= MindChamps =

The MindChamps Group of Companies is a global education group headquartered in Singapore. It comprises MindChamps PreSchool, MindChamps Enrichment Academy, MindChamps MindSpace, and MindChamps Allied Care, with a total of more than 140 centers across Singapore, Australia, Malaysia, Philippines, Indonesia, Myanmar and soon, the United States.

Its pedagogy is based on the research of the world renowned neuroscientist Professor Emeritus Allan Snyder, Fellow of the Royal Society, from the University of Sydney, and incorporates concepts from Snyder’s study of the Champion Mindset.

It is the first Singapore education group to have attained patent status for its education methodology in 4 major territories - the US, UK, Australia and Singapore..

New York Times and Wall Street Journal bestselling author Dr Joseph A. Michelli has hailed MindChamps as "a global education movement."

== History ==
MindChamps was founded in Australia in 1998 as an educational research centre in Sydney, by Australian David Chiem. In 2008, it opened its first preschool in Singapore. It subsequently expanded its number of schools through a mix of company-owned, company operated centers, and as well as franchising.

In 2019, the company was the subject of a book The MindChamps Way by New York Times and Wallstreet Journal bestselling author Dr Joseph A. Michelli.

In 2022, MindChamps launched MindChamps MindSpace – an Afterschool Centre and Enrichment Academy. The first MindChamps MindSpace centre opened in Bishan in January 2022. As of 2024, there are now 28 MindSpace centres across Singapore.

In July 2023, MindChamps won a trademark infringement case in China over a "copycat" school in Xi’an, the capital city of Shaanxi province.

In September 2023, MindChamps conducted extensive research with the University of South Australia to explore the mechanisms behind its programs’ promotion of children’s math and language skills.

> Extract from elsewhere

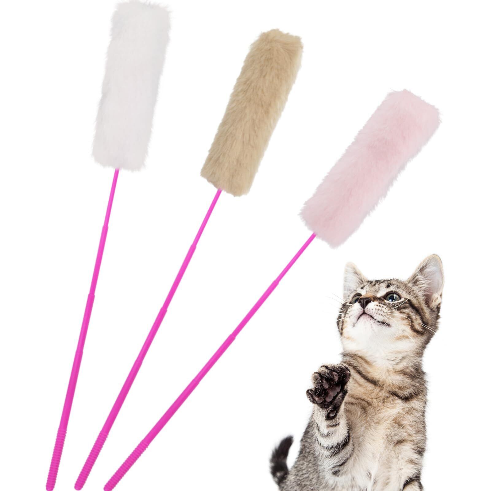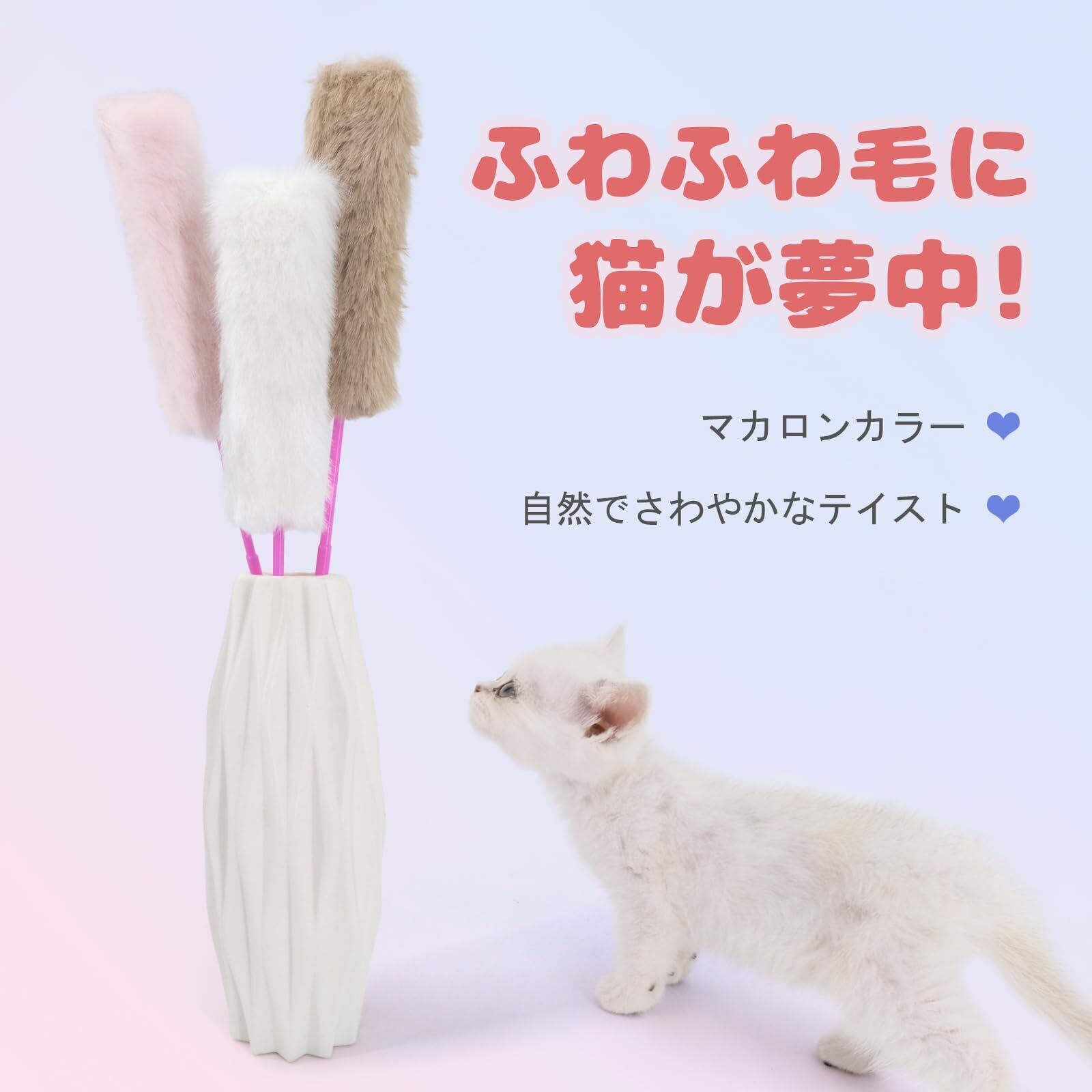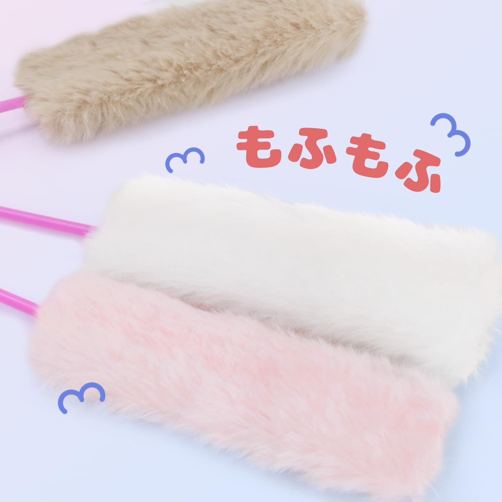3色のふわふわセット: ピンク・白・グレーの優しいカラーで、猫の興味を引きつけます。柔らかくて安全な仿うさぎ毛を使用!

In August 2024, MindChamps became the first Singapore education group to attain patent status for its education methodology in 3 major territories - the United States, United Kingdom and Australia.

In November 2024, MindChamps partnered with Western Sydney University, signing a Memorandum of Understanding (MoU).

In October 2025, Western Sydney University (WSU) joined force with MindChamps to launch the MindChamps Western Sydney University Academy. The collaboration opens pathways for students at WSU's School of Education, providing placements at MindChamps Centres across Australia, as well as fostering joint research and international collaboration.